_TASK DESCRIPTION:_ Set down, word for word, only the lines from the start of the records through the line bearing "Docking structure of"; include no pictures.

_INPUT MATERIAL:_

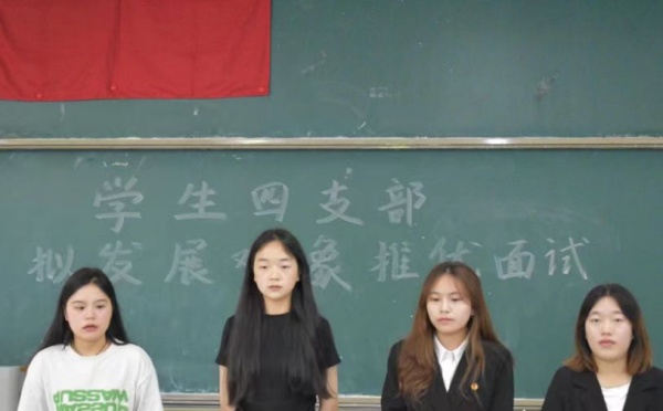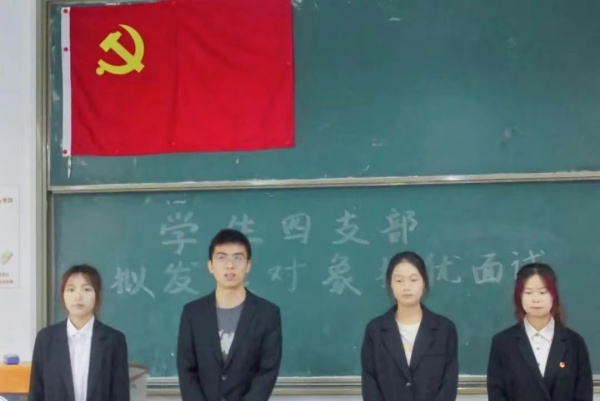 5月13日中午,在经管学院大楼301教室进行面试环节。面试议程分为自我陈述和现场提问先后两个环节。入党积极分子们分别从思想认识、学习情况、工作经历、社会实践等方面依次进行了综合汇报。支部各候补委员结合入党积极分子个人的基本情况,从思想动态、价值观、未来规划等方面进行提问。通过互动问答和交流,支部书记任雪羽、副书记张纪梦及支部各候补委员深入了解其思想动态、工作态度和发展潜力,从多个角度对入党积极分子进行综合评价。
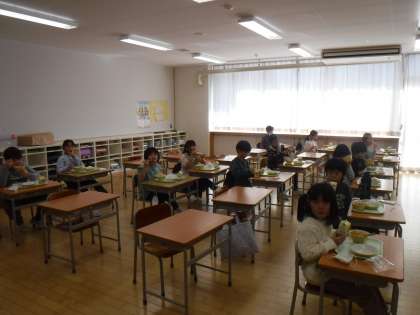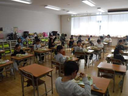 1月17日(水)今日は子供たちが大好きなソフト麺の給食です。みんなもりもり美味しそうに食べていました。今日学校保健委員会で習った大事な「食事」で、栄養をしっかり取りましょう。
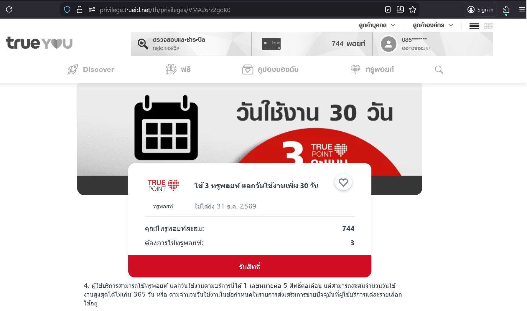 ใช้ 3ทรูพอยท์ แลก 30วัน ไม่ได้ อ้างผู้ใช้สิทธิ์เต็ม ทั้งที่เงื่อนไขบอกให้ 5สิทธิ์ต่อหมายเลข และยังไม่ได้ใช้เลย
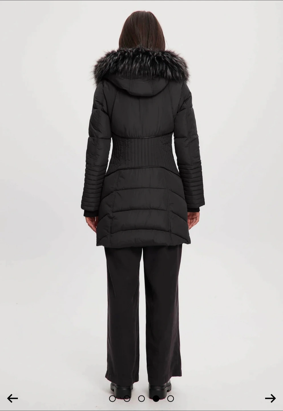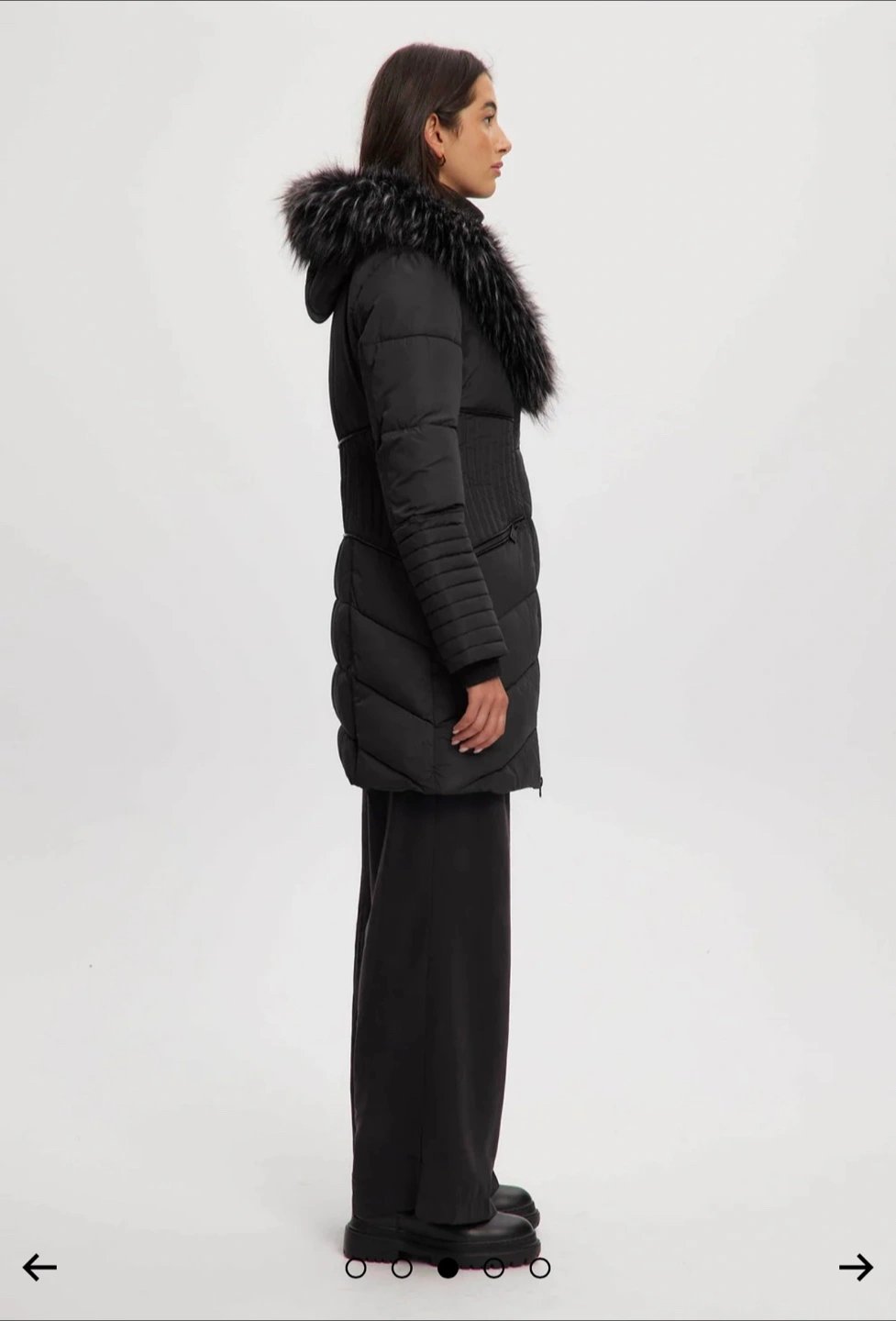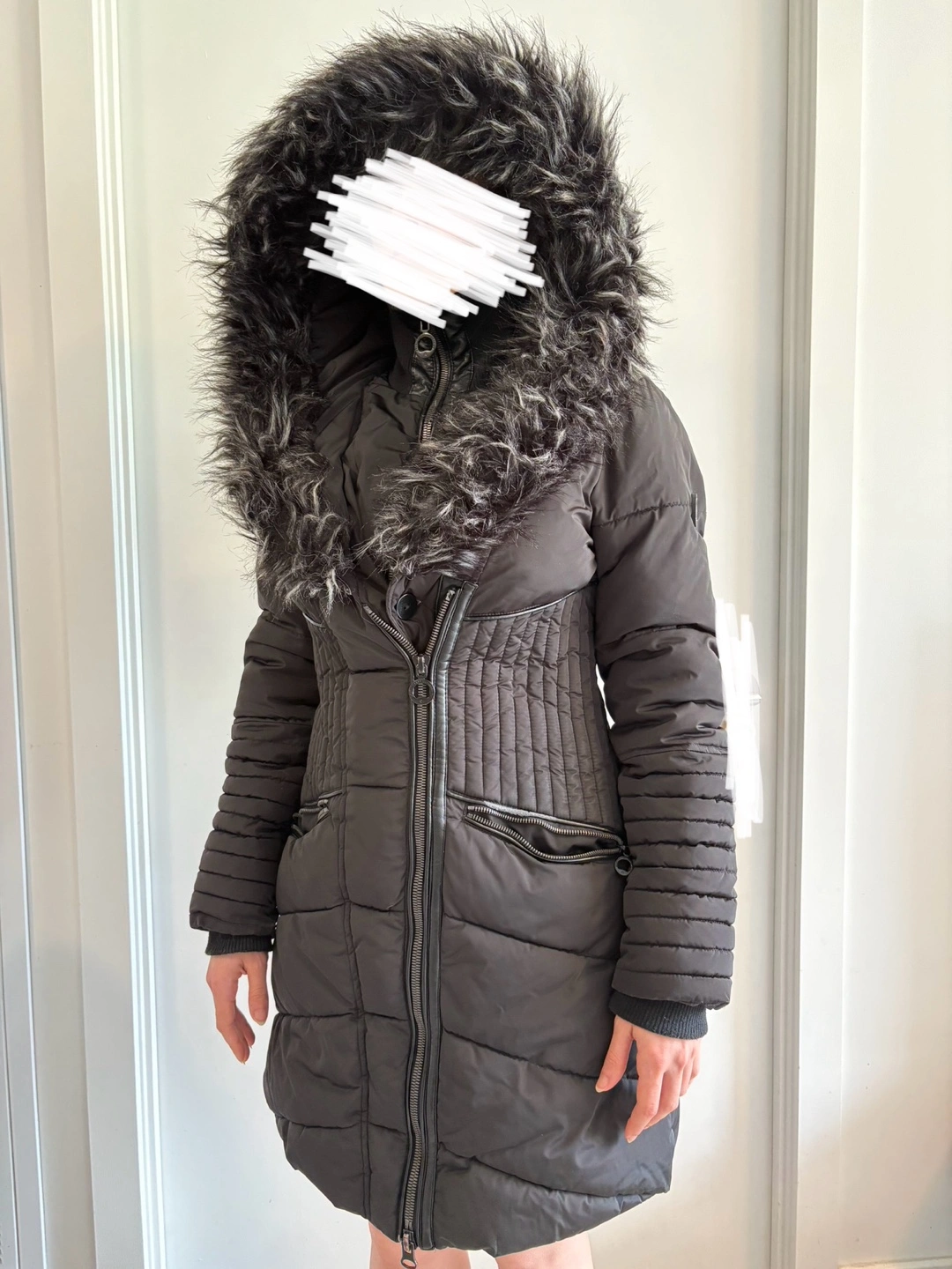 Black winter jacket. Up to -25 to -30. Featuring a hood with fur trim. It has a zipper closure. You could take a walk in this coat and enjoy the crisp winter air. Original Price in the Noize website is 418+HST
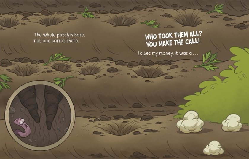 This laugh-out-loud farm mystery is perfect for a rollicking read-aloud. Nighttime moos, missing carrots and splattered mud, what is going on at the farm? The rhyming verse and pictures give readers just enough clues to make a guess… and the reveals hilariously defy expectations! Endpapers show silhouetted animals, wide-open eyes showing through; cartoon artwork is appealing and made for fun readalouds. A sweet story about relying on assumptions and keeping an open mind, this is a great way to get new students ready for a new school year. Pair this up with Sandra Boynton’s Barnyard Dance and Doreen Cronin’s Click Clack Moo books for hilarious barnyard fun.
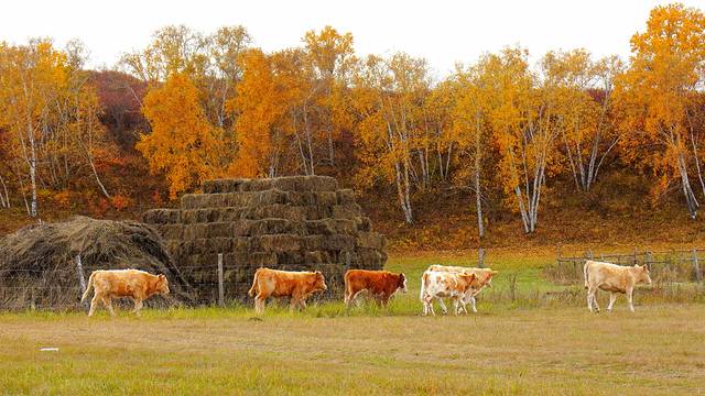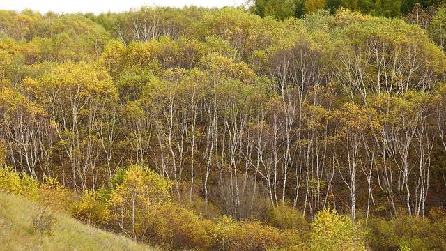 以前拍坝上秋天都是到乌兰布统,看到沿途整齐的落叶松泛着金黄的树叶从眼前掠过,面对这似曾相识的景色,似乎没有太大的兴奋,有了汗苏鲁对比,这边颜色就淡了很多,所以路上没有过多逗留,就进了前往汗苏鲁的穿越路线,那错落的丘陵,蜿蜒如河流般与蓝天白云接壤。寂静的白桦树,稀疏不一地依着山包,星星点点的树木,兀立在草坡上,一条条不规则的车辙镶嵌在草原里,满眼呈现着一片安祥宁静的田园风光,构成的风景如一幅幅织锦令人赞叹不已。那些红屋、蓝房、围栏、牛羊乃至劳作的人们,都成了画卷的点缀之笔,在秋阳的沐浴下,树叶是绿色的、金色的、红色的、橙色的,草地是金色的,天空是悠远的,树林是幽静的。在这如画般的天地里,面对满眼皆美景的境遇,这一片迷人的坝上秋色,怎一个美字了得!
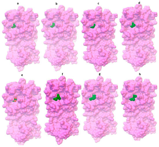 Docking structure of Mpro in complex with eucalyptus compounds: (a) 1, 8-cineole (eucalyptus), (b) α-pinene, (c) β-pinene, (d) terpinen-4-ol, (e) piperitone, (f) allo-aromadendrene, (g) aromadendrene, and (h) α-gurjunene.
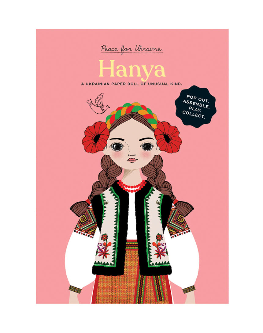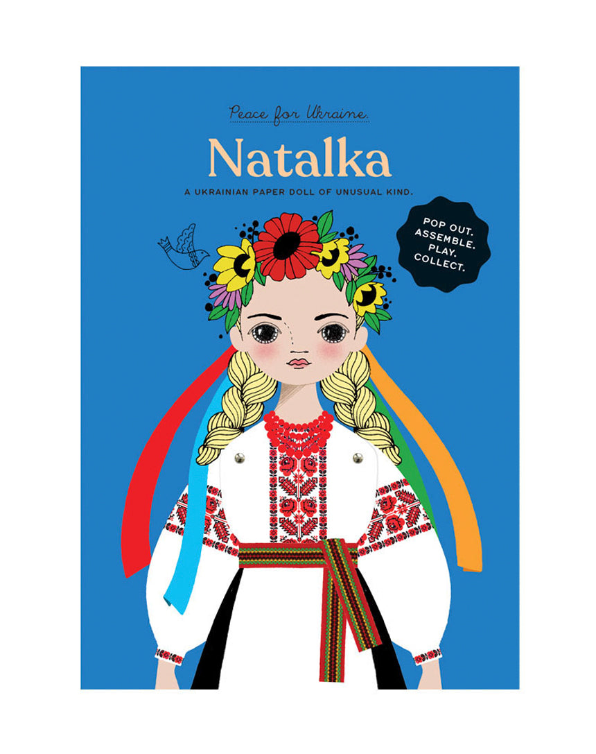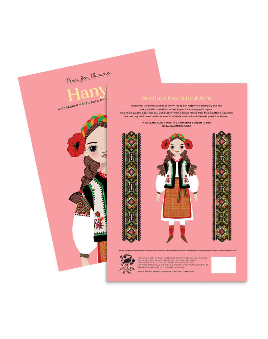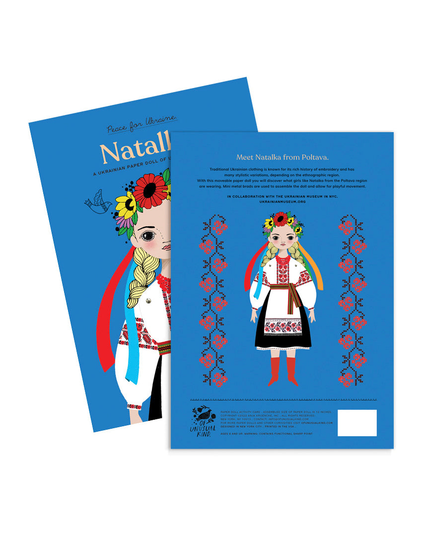 We created our “Peace for Ukraine” Collection in collaboration with the Ukrainian Museum in NYC. These paper doll accordion cards measure 6”x 8.5” and unfold to reveal 4 panels. Pop out the paper doll parts. Assemble the doll with the enclosed assembly instructions and mini metal brads. Learn about the traditional Ukrainian outfits Natalka and Hanya are wearing. Approx size of assembled doll 12” tall. Ages 8 and up. Made in the USA. Packed in a clear cello sleeve.
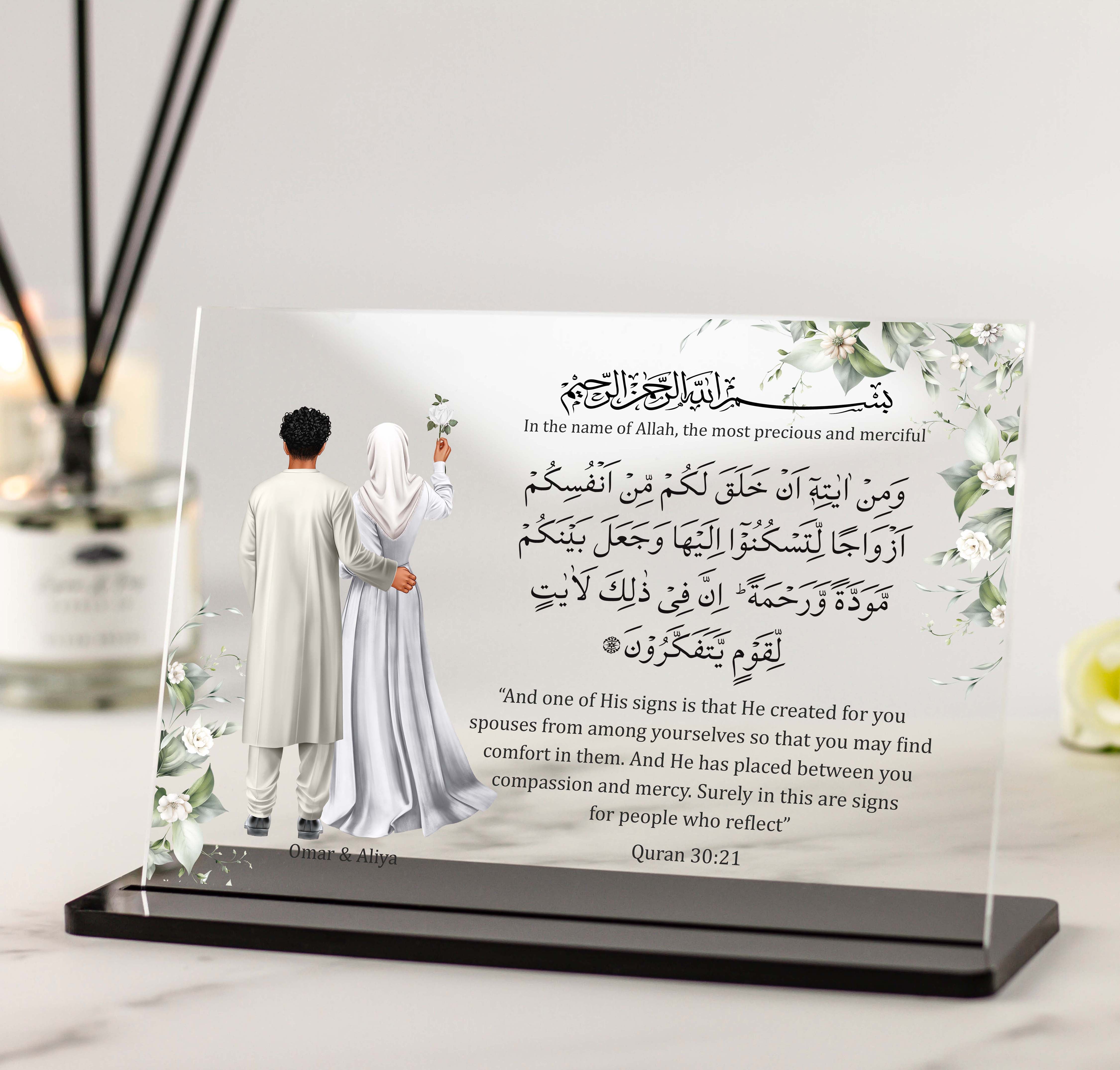 Explore our exquisite collection of personalised acrylic plaque handmade gifts for Islamic couples featuring stunning Islamic calligraphy designs. Choose from personalised Islamic gifts for Muslim couples, and faceless portraits for Muslim marriage and Nikkah gifts.

_FINISHED TASK:_
 5月13日中午,在经管学院大楼301教室进行面试环节。面试议程分为自我陈述和现场提问先后两个环节。入党积极分子们分别从思想认识、学习情况、工作经历、社会实践等方面依次进行了综合汇报。支部各候补委员结合入党积极分子个人的基本情况,从思想动态、价值观、未来规划等方面进行提问。通过互动问答和交流,支部书记任雪羽、副书记张纪梦及支部各候补委员深入了解其思想动态、工作态度和发展潜力,从多个角度对入党积极分子进行综合评价。
 1月17日(水)今日は子供たちが大好きなソフト麺の給食です。みんなもりもり美味しそうに食べていました。今日学校保健委員会で習った大事な「食事」で、栄養をしっかり取りましょう。
 ใช้ 3ทรูพอยท์ แลก 30วัน ไม่ได้ อ้างผู้ใช้สิทธิ์เต็ม ทั้งที่เงื่อนไขบอกให้ 5สิทธิ์ต่อหมายเลข และยังไม่ได้ใช้เลย
 Black winter jacket. Up to -25 to -30. Featuring a hood with fur trim. It has a zipper closure. You could take a walk in this coat and enjoy the crisp winter air. Original Price in the Noize website is 418+HST
 This laugh-out-loud farm mystery is perfect for a rollicking read-aloud. Nighttime moos, missing carrots and splattered mud, what is going on at the farm? The rhyming verse and pictures give readers just enough clues to make a guess… and the reveals hilariously defy expectations! Endpapers show silhouetted animals, wide-open eyes showing through; cartoon artwork is appealing and made for fun readalouds. A sweet story about relying on assumptions and keeping an open mind, this is a great way to get new students ready for a new school year. Pair this up with Sandra Boynton’s Barnyard Dance and Doreen Cronin’s Click Clack Moo books for hilarious barnyard fun.
 以前拍坝上秋天都是到乌兰布统,看到沿途整齐的落叶松泛着金黄的树叶从眼前掠过,面对这似曾相识的景色,似乎没有太大的兴奋,有了汗苏鲁对比,这边颜色就淡了很多,所以路上没有过多逗留,就进了前往汗苏鲁的穿越路线,那错落的丘陵,蜿蜒如河流般与蓝天白云接壤。寂静的白桦树,稀疏不一地依着山包,星星点点的树木,兀立在草坡上,一条条不规则的车辙镶嵌在草原里,满眼呈现着一片安祥宁静的田园风光,构成的风景如一幅幅织锦令人赞叹不已。那些红屋、蓝房、围栏、牛羊乃至劳作的人们,都成了画卷的点缀之笔,在秋阳的沐浴下,树叶是绿色的、金色的、红色的、橙色的,草地是金色的,天空是悠远的,树林是幽静的。在这如画般的天地里,面对满眼皆美景的境遇,这一片迷人的坝上秋色,怎一个美字了得!
 Docking structure of Mpro in complex with eucalyptus compounds: (a) 1, 8-cineole (eucalyptus), (b) α-pinene, (c) β-pinene, (d) terpinen-4-ol, (e) piperitone, (f) allo-aromadendrene, (g) aromadendrene, and (h) α-gurjunene.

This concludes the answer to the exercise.